3. Materials and Methods

3.1. Materials

3.1.1. YOLOv8 Detection Algorithm

YOLOv8 has been significantly improved based on YOLOv5. Compared to YOLOv5, the primary difference in YOLOv8 is the replacement of the C3 module in the backbone with the C2f module. By combining multiple branches and residual units, a gradient shunt connection is introduced in the new C2f module to enhance information flow in the feature extraction network while maintaining a lightweight design. The neck component primarily handles feature fusion. Unlike YOLOv5, which performs down-channel operations using 1 × 1 convolutions following up-sampling, YOLOv8 removes this operation, resulting in a more efficient and direct feature fusion process. This optimization in the neck improves information transfer efficiency and enhances the handling of features at different scales [29,30]. The head component is responsible for regression predictions. YOLOv8 adopts the advanced Task-Aligned Assigner strategy for sample allocation. This strategy improves sample matching during training and enhances the alignment and accuracy of detection tasks. In addition, the Task-Aligned Assigner sample allocation strategy is adopted in the sample matching process [31].

These improvements in YOLOv8 not only enhance its capability to process and analyze images but also streamline the overall detection pipeline. The optimized backbone, neck, and head structures perform exceptionally well in practical applications, excelling in both accuracy and processing speed. We can see the detailed structure of YOLOv8 in Figure 1.

3.1.2. RFAConv Module

To enhance the network’s sensitivity to features in the receptive field and address the parameter sharing issue of convolution kernels, Zhang developed a novel mechanism known as Receptive Field Attention (RFA) [32]. This method effectively addresses the parameter sharing issue in convolution kernels and considers the importance of each feature within the receptive field, as shown in Figure 2.

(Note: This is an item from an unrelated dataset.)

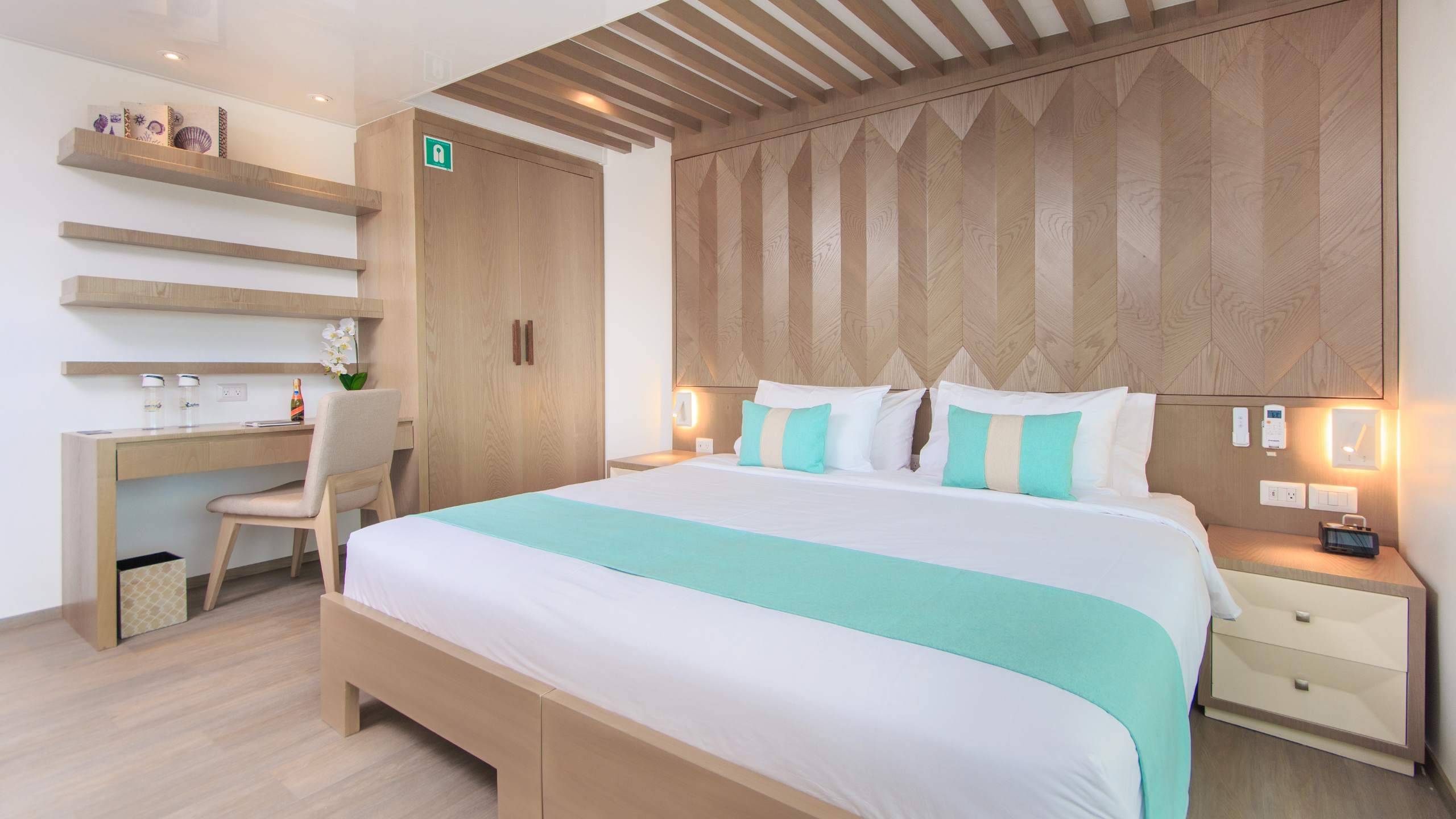 This all-suites ship is an idyllic vessel on which to explore the waters surrounding the astonishing Galápagos Islands. After spending days on land, meeting blue-footed boobies and sea lions and giant tortoises, you’ll be able to return to relax in your spacious bedroom complete with balcony and writing desk.

Receptive Field Attention Convolution (RFAConv) is a convolution operation that combines group convolutions with an attention mechanism. It utilizes a

3 \times 3

convolution kernel to extract features, with each window capturing spatial information within the receptive field. By effectively performing group convolutions, RFAConv can quickly extract and transform features within the receptive field. AvgPool implements global information aggregation in each receptive field, and the interaction between information blocks is completed by

1 \times 1

group convolutions. Finally, the softmax function is used to emphasize the importance of each feature within its respective receptive field. The calculation of RFA can be expressed by Formula (1). RFAConv, developed by receptive field attention, can replace the standard convolution operation, effectively reducing computation cost and parameter increase, while improving network performance.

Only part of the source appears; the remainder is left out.